#### Goal of the exercise
Reproduce the complete listing without any deviation.

┌──

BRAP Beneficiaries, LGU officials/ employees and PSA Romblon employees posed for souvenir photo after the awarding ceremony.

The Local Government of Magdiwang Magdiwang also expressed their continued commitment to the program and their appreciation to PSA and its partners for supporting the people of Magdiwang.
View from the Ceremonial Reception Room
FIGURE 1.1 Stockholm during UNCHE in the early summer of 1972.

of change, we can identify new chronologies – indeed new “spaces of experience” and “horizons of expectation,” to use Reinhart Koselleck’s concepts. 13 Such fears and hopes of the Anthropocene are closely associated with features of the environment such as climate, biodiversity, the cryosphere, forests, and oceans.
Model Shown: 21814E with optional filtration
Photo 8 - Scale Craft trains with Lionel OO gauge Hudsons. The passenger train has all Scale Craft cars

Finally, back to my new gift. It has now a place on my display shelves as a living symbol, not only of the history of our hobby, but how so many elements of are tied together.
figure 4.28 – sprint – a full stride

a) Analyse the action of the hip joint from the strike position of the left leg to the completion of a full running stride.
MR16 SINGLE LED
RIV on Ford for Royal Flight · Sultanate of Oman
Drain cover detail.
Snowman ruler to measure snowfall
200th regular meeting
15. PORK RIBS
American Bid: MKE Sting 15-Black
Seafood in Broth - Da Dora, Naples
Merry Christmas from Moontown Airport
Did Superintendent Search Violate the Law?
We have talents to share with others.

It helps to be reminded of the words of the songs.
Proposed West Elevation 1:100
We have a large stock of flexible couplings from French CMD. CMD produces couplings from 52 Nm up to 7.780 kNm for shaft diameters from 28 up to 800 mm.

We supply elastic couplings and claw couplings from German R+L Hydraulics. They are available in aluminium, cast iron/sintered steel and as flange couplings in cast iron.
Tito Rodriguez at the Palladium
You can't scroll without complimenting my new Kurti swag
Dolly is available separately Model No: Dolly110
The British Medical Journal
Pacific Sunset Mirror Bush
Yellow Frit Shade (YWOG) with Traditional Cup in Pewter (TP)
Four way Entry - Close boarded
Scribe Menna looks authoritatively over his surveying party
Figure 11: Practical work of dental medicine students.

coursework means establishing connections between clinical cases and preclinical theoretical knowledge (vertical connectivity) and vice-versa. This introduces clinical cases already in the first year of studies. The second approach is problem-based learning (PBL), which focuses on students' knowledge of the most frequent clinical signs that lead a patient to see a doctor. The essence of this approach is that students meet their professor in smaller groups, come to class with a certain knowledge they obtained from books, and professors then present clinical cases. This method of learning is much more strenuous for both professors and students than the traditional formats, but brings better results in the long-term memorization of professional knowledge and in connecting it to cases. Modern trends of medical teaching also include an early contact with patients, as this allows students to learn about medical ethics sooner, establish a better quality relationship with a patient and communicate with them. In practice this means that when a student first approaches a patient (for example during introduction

└──

#### The completed task
BRAP Beneficiaries, LGU officials/ employees and PSA Romblon employees posed for souvenir photo after the awarding ceremony.

The Local Government of Magdiwang Magdiwang also expressed their continued commitment to the program and their appreciation to PSA and its partners for supporting the people of Magdiwang.
View from the Ceremonial Reception Room
FIGURE 1.1 Stockholm during UNCHE in the early summer of 1972.

of change, we can identify new chronologies – indeed new “spaces of experience” and “horizons of expectation,” to use Reinhart Koselleck’s concepts. 13 Such fears and hopes of the Anthropocene are closely associated with features of the environment such as climate, biodiversity, the cryosphere, forests, and oceans.
Model Shown: 21814E with optional filtration
Photo 8 - Scale Craft trains with Lionel OO gauge Hudsons. The passenger train has all Scale Craft cars

Finally, back to my new gift. It has now a place on my display shelves as a living symbol, not only of the history of our hobby, but how so many elements of are tied together.
figure 4.28 – sprint – a full stride

a) Analyse the action of the hip joint from the strike position of the left leg to the completion of a full running stride.
MR16 SINGLE LED
RIV on Ford for Royal Flight · Sultanate of Oman
Drain cover detail.
Snowman ruler to measure snowfall
200th regular meeting
15. PORK RIBS
American Bid: MKE Sting 15-Black
Seafood in Broth - Da Dora, Naples
Merry Christmas from Moontown Airport
Did Superintendent Search Violate the Law?
We have talents to share with others.

It helps to be reminded of the words of the songs.
Proposed West Elevation 1:100
We have a large stock of flexible couplings from French CMD. CMD produces couplings from 52 Nm up to 7.780 kNm for shaft diameters from 28 up to 800 mm.

We supply elastic couplings and claw couplings from German R+L Hydraulics. They are available in aluminium, cast iron/sintered steel and as flange couplings in cast iron.
Tito Rodriguez at the Palladium
You can't scroll without complimenting my new Kurti swag
Dolly is available separately Model No: Dolly110
The British Medical Journal
Pacific Sunset Mirror Bush
Yellow Frit Shade (YWOG) with Traditional Cup in Pewter (TP)
Four way Entry - Close boarded
Scribe Menna looks authoritatively over his surveying party
Figure 11: Practical work of dental medicine students.

coursework means establishing connections between clinical cases and preclinical theoretical knowledge (vertical connectivity) and vice-versa. This introduces clinical cases already in the first year of studies. The second approach is problem-based learning (PBL), which focuses on students' knowledge of the most frequent clinical signs that lead a patient to see a doctor. The essence of this approach is that students meet their professor in smaller groups, come to class with a certain knowledge they obtained from books, and professors then present clinical cases. This method of learning is much more strenuous for both professors and students than the traditional formats, but brings better results in the long-term memorization of professional knowledge and in connecting it to cases. Modern trends of medical teaching also include an early contact with patients, as this allows students to learn about medical ethics sooner, establish a better quality relationship with a patient and communicate with them. In practice this means that when a student first approaches a patient (for example during introduction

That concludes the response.